Guangdong, a subtropical province in China with the largest number of births nationally in 2021, provides a suitable place to explore extreme temperature exposure and adverse birth outcomes (20). Given the knowledge gap, this study aimed to investigate the risk of PTB induced by extreme temperature exposure by analyzing the data from a large-scale cohort study among reproductive-age women in Guangdong Province from 2014 to 2017. Specifically, we estimated the trimester effect of extreme heat and cold exposure. In addition, the difference in the associations among maternal BMI subgroups was identified.

2. Methods

2.1. Study design and participants

Women who participated in the National Free Preconception Health Examination Project (NFPHEP) and had successful pregnancies were recruited. NFPHEP is a national program initiated by the Chinese government for improving pregnancy outcomes. It provides free preconception care and follow-up to married couples who plan to conceive within the next 6 months. More details about the project design and implementation were provided in previous studies (21, 22).

In this study, we recruited 263,868 women from 21 cities in Guangdong Province from 2014 to 2017. Furthermore, the following cases were excluded: 1594 women with extreme birth weight (< 500 g or > 5,000 g), 3,582 women with multiple births, 230 women with chronic diseases (hepatitis B, thyroid disease, high blood pressure, diabetes, anemia, heart disease, epilepsy, chronic kidney disease, and tumor) before pregnancy, 249 women with abortion (spontaneous or induced), stillbirth, birth defects, 6,956 women with missing information on delivery mode, maternal age or pre-pregnancy BMI status. Therefore, the data of 251,257 women finally remained.

2.2. Baseline and follow-ups

At baseline, trained staff used the interviewer-administered questionnaire to collect the individual information of the participants, including socio-demographics (age, education, occupation, residential address), chronic disease history, pregnancy history, and lifestyle. Professional medical personnel provided physical examinations to the participants, including height and weight measurements. The pregnancy status of each participant was collected by telephone follow-ups every 2 months, and the time of her last menstrual period was recorded after the pregnancy was confirmed. Within 6 weeks of delivery, the participants were followed up to investigate whether they gave birth and the hospitals where they gave birth. Then the investigators extracted the related medical records from the corresponding hospitals and obtained the delivery-related information, including gestational age and delivery status. All data were uploaded to the online medical service information system supported by the National Institute of Family Planning. Quality control was conducted semiannually by the Quality Inspection Center of Guangdong Institute of Family Planning Science and Technology.

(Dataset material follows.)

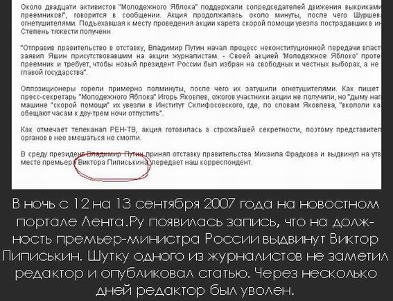 Невьянская наклонная башня. При высоте чуть менее 60 метров, отклонение от вертикали составляет почти 2 метра! ![]() Двигатели для фирмы «Даймлер» Двигатели для фирмы «Даймлер» разработал русский инженер Борис Луцкой. В соответствии с договором, с каждой стороны автомобильных моторов должна была крепиться табличка «Луцкой-Даймлер», но «Даймлер» незаконно присвоил патент себе. Гоночный Mercedes 120PS (1906 г.) оснащался рядным шестицилиндровым двигателем. Авторство мотора приписывают Борису Луцкому: ![]() Гимн королевской семьи Таиланда Гимн королевской семьи Таиланда, который был официальным гимном страны до 1932 года, написан на музыку русского композитора Петра Щуровского. ![]() Конструкторы Многие ведущие ученые и конструкторы в мире, были русскими. Яблочков и Лодыгин изобрели первую электрическую лампочку, Попов – беспроводной телеграф, Сикорский создал вертолет и бомбардировщик, Сергей Прокудин-Горский изобрел цветную фотографию, а Зворыкин – телевизор. ![]() Первый в мире видеомагнитофон Первый в мире видеомагнитофон появился в 1956 году. Его создателем стала американская фирма «Ампэкс» (AMPEX), отца-основателя которой звали Александром Михайловичем Понятовым. «АМР» — это первые буквы его имени, отчества и фамилии. А поскольку до революции он был полковником царской армии, он имел право на обращение «Ваше Превосходительство», по-английски Exellence. ![]() Испытание первого самолета Как неопровержимо доказывают исторические документы, первый самолет был испытан Александром Федоровичем Можайским на двадцать лет раньше братьев Райт. Это модель первого в мире самолета А.Ф.Можайского: ![]() Основатели Голливуда Двое из пяти отцов-основателей Голливуда прибыли из России. В том числе, основатели «MGM » Голдвин и Майер. Майер до конца жизни плоховато говорил по-английски и с трудом читал сценарии ![]() Chanel № 5 Знаменитый аромат «Chanel № 5» придумала не Коко Шанель, а русский парфюмер-эмигрант Веригин, который работал в парфюмерном отделе «Шанель» вместе с коренным москвичом Эрнестом Бо. ![]() Русские корни у актеров Русские корни есть у Дэвида Духовны, Сильвестра Сталлоне, Стивена Спилберга, Натали Портман, Милы Йововоч, Вайноны Райдер и Шона Пена. Прабабка актрисы Вупи Голдберг родом из Одессы. ![]() Искусственное сердце Первое искусственное сердце тоже было создано в России. Прибор сконструировал и апробировал на животных в 1936 году Владимир Демихов. Электромоторчик для сердца он купил на деньги, которые ему прислали родители на новый костюм. ![]() |

2.3. Air pollution and meteorological data

We collected air pollution data from the air quality monitoring stations across Guangdong province operated by the State Environmental Protection Administration of China, as described in our previous study (23). The daily concentrations of four typical pollutants, including ozone (O3), nitrogen dioxide (NO2), sulfur dioxide (SO2), and PM2.5 (particles with aerodynamic diameter < 2.5 μm), were obtained as the average of 24 hourly measurements. The concentration measurement was qualified according to the national standards and procedures proposed by the State Environmental Protection Administration of China (24). The pollutant concentrations of the stations in a district were averaged as district-specific exposure estimates, and then assigned to the woman living in the same district according to her residential address. We note that women without an air monitoring station in their districts were excluded from the analysis. All the participants lived in a district with a nearby air monitoring station at a radius of about 5 km. Meteorological information from the meteorological stations, including daily mean temperature(°C) and relative humidity (%), was obtained from National Weather Data Sharing System. Similarly, the district-specific exposures of daily mean temperature and relative humidity were estimated and matched to the participants using the same approach as that of air pollutants.

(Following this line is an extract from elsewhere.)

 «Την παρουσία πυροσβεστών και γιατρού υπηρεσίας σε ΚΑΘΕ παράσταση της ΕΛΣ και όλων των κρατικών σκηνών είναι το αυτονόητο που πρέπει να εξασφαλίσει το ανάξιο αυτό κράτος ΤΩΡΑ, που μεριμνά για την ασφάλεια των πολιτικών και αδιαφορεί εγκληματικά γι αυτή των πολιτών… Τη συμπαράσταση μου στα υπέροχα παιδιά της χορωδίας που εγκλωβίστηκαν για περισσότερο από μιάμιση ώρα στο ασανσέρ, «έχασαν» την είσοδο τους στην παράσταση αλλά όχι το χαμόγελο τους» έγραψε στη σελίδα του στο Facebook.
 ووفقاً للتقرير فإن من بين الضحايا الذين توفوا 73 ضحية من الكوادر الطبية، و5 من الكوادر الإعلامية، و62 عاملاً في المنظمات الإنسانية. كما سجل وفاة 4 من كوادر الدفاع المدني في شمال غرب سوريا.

2.4. Definition of extreme temperature exposure and pre-pregnancy BMI categories

To identify the health impact of extreme temperature in different stages of pregnancy, we averaged the daily temperatures for each woman in the following three periods: the first trimester (0–12 weeks), the second trimester (13–27 weeks), and the third trimester (28 weeks or higher) (7, 25). For each trimester, high temperatures referred to temperatures above the 95th percentile, and low temperatures referred to temperatures below the 5th percentile, based on the distribution of daily mean air temperature exposures throughout this trimester.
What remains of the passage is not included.